Data segment:
※ ※ ※

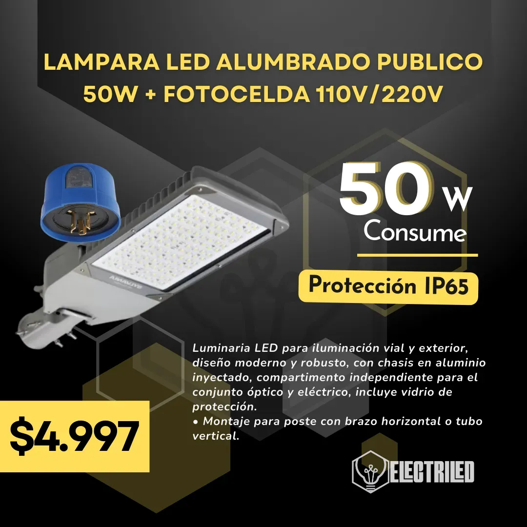 LAMPARA LED ALUMBRADO PUBLICO 50W + FOTOCELDA 110V/220V
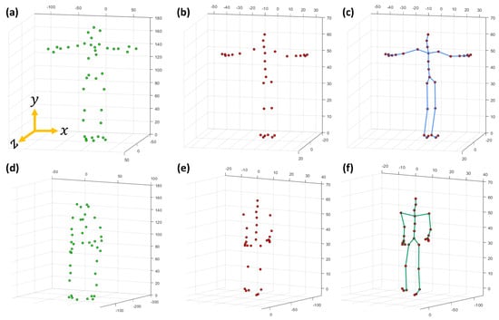 (a) The details of the markers (c3d file), (b) AMC file, and (c) the skeleton (ASF file) of the HDM05 MoCap dataset [9], while (d–f) elaborate on the details of the marker (c3d file), the AMC file and the skeleton (ASF file) of the CMU MoCap dataset [56], respectively.
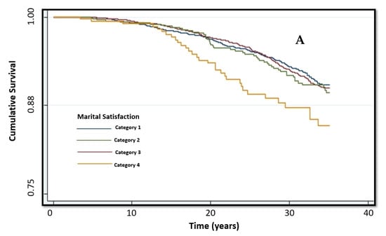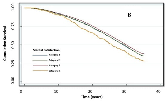 Marriage has been described as the most important and fundamental human relationship because it provides the primary structure for establishing a family and social support []. Research indicates that the quality of the marital relationship is associated with health outcomes [,]. Marital quality is defined through a subjective, global evaluation of the relationship and behaviors in the relationship []. A previous meta-analysis [] concluded that higher marital quality was related to lower risk of mortality (mean effect size, r = 0.11). Marital satisfaction is an important factor of marital quality; other factors include cohesion, affection, and conflict. Several studies found that marital satisfaction is associated with lower risk of early mortality among populations with disease-related issues (e.g., congestive heart failure [] and coronary artery bypass grafting []). However, we cannot draw conclusions from these studies regarding whether marital satisfaction can predict long-term health outcomes, such as mortality, among samples that are not health-compromised.

※ ※ ※

Task:
Where pictures appear, skip them and transcribe all other material word for word.

Task answer:
 LAMPARA LED ALUMBRADO PUBLICO 50W + FOTOCELDA 110V/220V
 (a) The details of the markers (c3d file), (b) AMC file, and (c) the skeleton (ASF file) of the HDM05 MoCap dataset [9], while (d–f) elaborate on the details of the marker (c3d file), the AMC file and the skeleton (ASF file) of the CMU MoCap dataset [56], respectively.
 Marriage has been described as the most important and fundamental human relationship because it provides the primary structure for establishing a family and social support []. Research indicates that the quality of the marital relationship is associated with health outcomes [,]. Marital quality is defined through a subjective, global evaluation of the relationship and behaviors in the relationship []. A previous meta-analysis [] concluded that higher marital quality was related to lower risk of mortality (mean effect size, r = 0.11). Marital satisfaction is an important factor of marital quality; other factors include cohesion, affection, and conflict. Several studies found that marital satisfaction is associated with lower risk of early mortality among populations with disease-related issues (e.g., congestive heart failure [] and coronary artery bypass grafting []). However, we cannot draw conclusions from these studies regarding whether marital satisfaction can predict long-term health outcomes, such as mortality, among samples that are not health-compromised.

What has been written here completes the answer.